RECORDS FOR THE TASK START
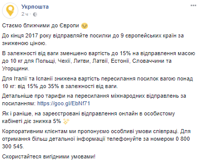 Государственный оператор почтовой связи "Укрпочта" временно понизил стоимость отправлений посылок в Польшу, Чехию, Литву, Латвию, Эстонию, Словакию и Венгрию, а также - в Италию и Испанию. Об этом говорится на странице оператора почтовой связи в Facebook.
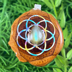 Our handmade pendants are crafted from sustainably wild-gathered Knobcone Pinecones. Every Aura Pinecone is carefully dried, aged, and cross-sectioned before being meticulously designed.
RECORDS FOR THE TASK END
RECORDS FOR THE TASK START
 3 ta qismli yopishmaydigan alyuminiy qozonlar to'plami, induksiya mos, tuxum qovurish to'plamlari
RECORDS FOR THE TASK END
RECORDS FOR THE TASK START
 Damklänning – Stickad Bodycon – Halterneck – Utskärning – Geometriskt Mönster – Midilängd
RECORDS FOR THE TASK END
- WORK ORDER -
Reproduce exactly the lines above that run from the one with "Государственный оператор почтовой" to the one with "Our handmade pendants", both included, leaving pictures out.

- EXPECTED OUTPUT -
 Государственный оператор почтовой связи "Укрпочта" временно понизил стоимость отправлений посылок в Польшу, Чехию, Литву, Латвию, Эстонию, Словакию и Венгрию, а также - в Италию и Испанию. Об этом говорится на странице оператора почтовой связи в Facebook.
 Our handmade pendants are crafted from sustainably wild-gathered Knobcone Pinecones. Every Aura Pinecone is carefully dried, aged, and cross-sectioned before being meticulously designed.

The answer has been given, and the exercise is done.